YOUR INSTRUCTIONS:
Return the stretch from the line with "5459 - ولا عوض" through the line with "The 2-Light Textured" in the data below, character for character, skipping all pictures.

Start of DATA SUPPLIED

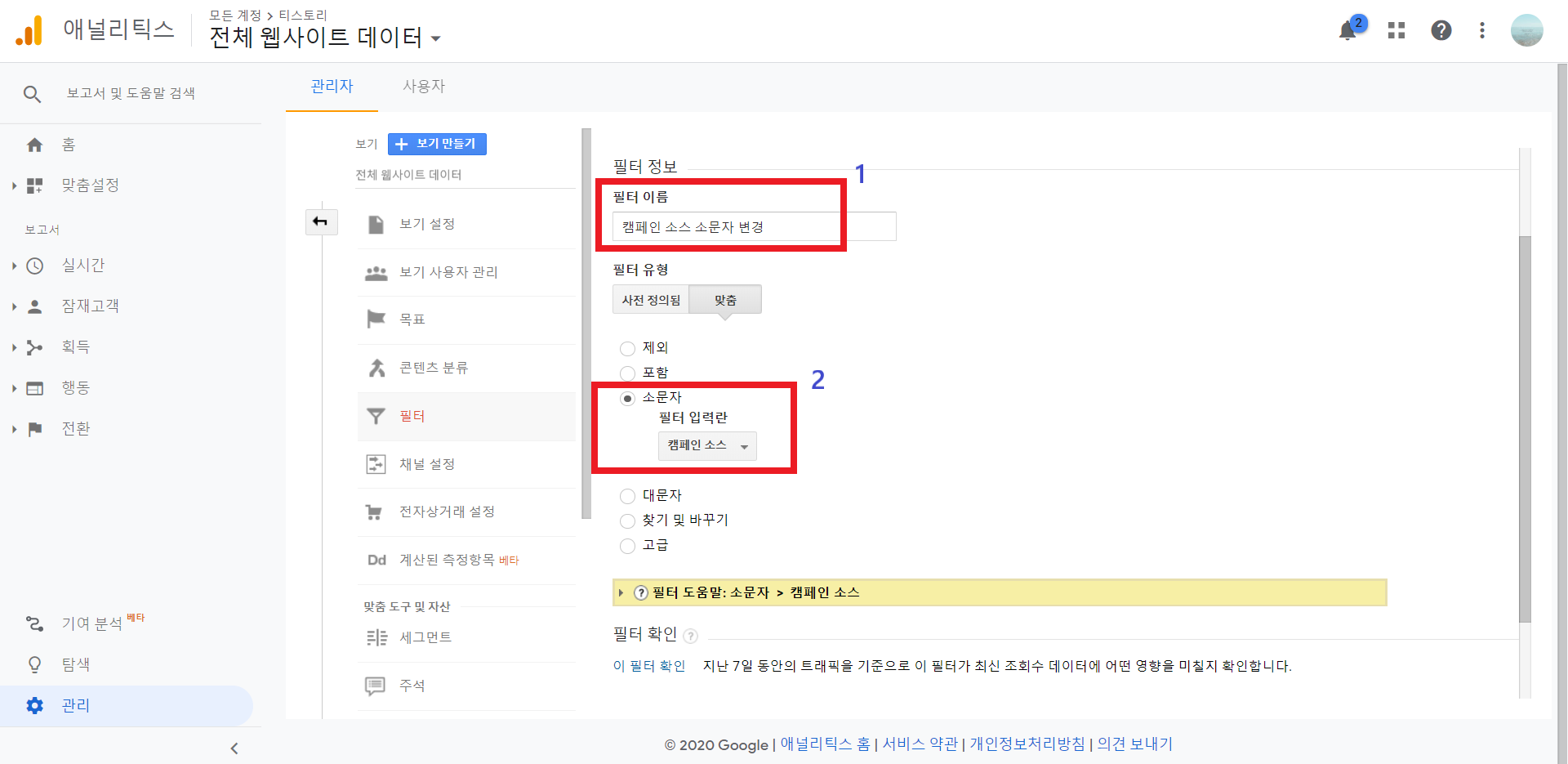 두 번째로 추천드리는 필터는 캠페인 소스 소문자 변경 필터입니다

End of DATA SUPPLIED
Start of DATA SUPPLIED

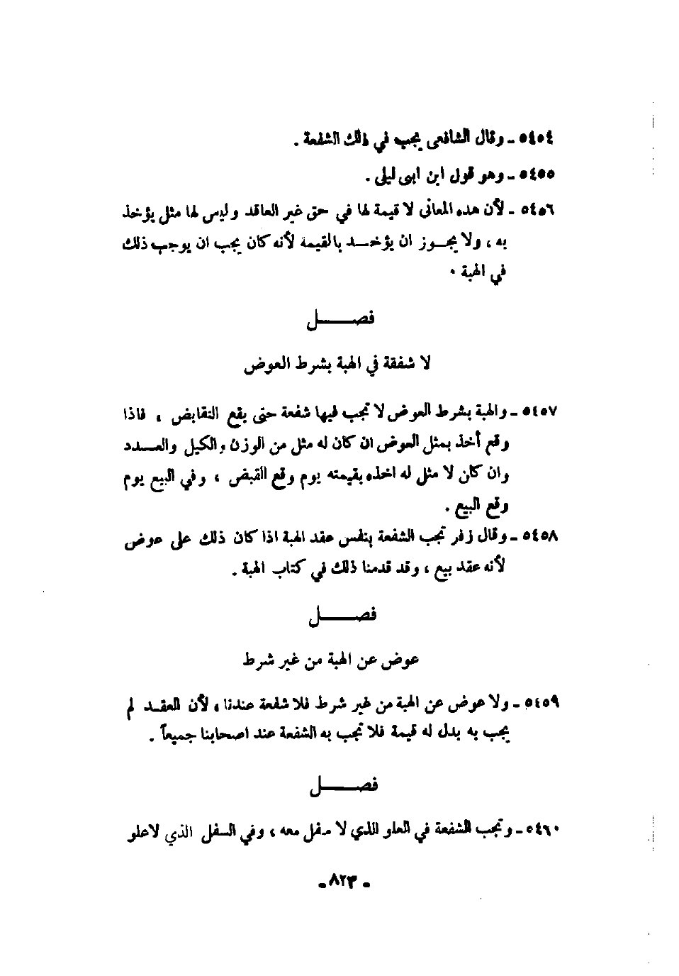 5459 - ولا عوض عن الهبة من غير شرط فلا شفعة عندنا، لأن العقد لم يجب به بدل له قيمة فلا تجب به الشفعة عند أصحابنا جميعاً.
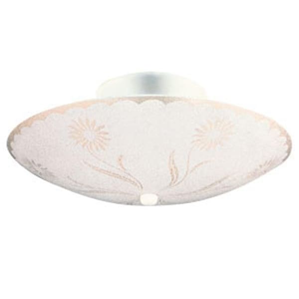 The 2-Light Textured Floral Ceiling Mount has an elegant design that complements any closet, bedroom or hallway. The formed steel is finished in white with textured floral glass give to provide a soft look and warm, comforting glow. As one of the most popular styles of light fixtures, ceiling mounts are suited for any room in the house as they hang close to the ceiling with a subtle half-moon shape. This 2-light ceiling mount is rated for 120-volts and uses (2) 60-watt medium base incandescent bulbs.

End of DATA SUPPLIED

TASK RESULT:
 5459 - ولا عوض عن الهبة من غير شرط فلا شفعة عندنا، لأن العقد لم يجب به بدل له قيمة فلا تجب به الشفعة عند أصحابنا جميعاً.
 The 2-Light Textured Floral Ceiling Mount has an elegant design that complements any closet, bedroom or hallway. The formed steel is finished in white with textured floral glass give to provide a soft look and warm, comforting glow. As one of the most popular styles of light fixtures, ceiling mounts are suited for any room in the house as they hang close to the ceiling with a subtle half-moon shape. This 2-light ceiling mount is rated for 120-volts and uses (2) 60-watt medium base incandescent bulbs.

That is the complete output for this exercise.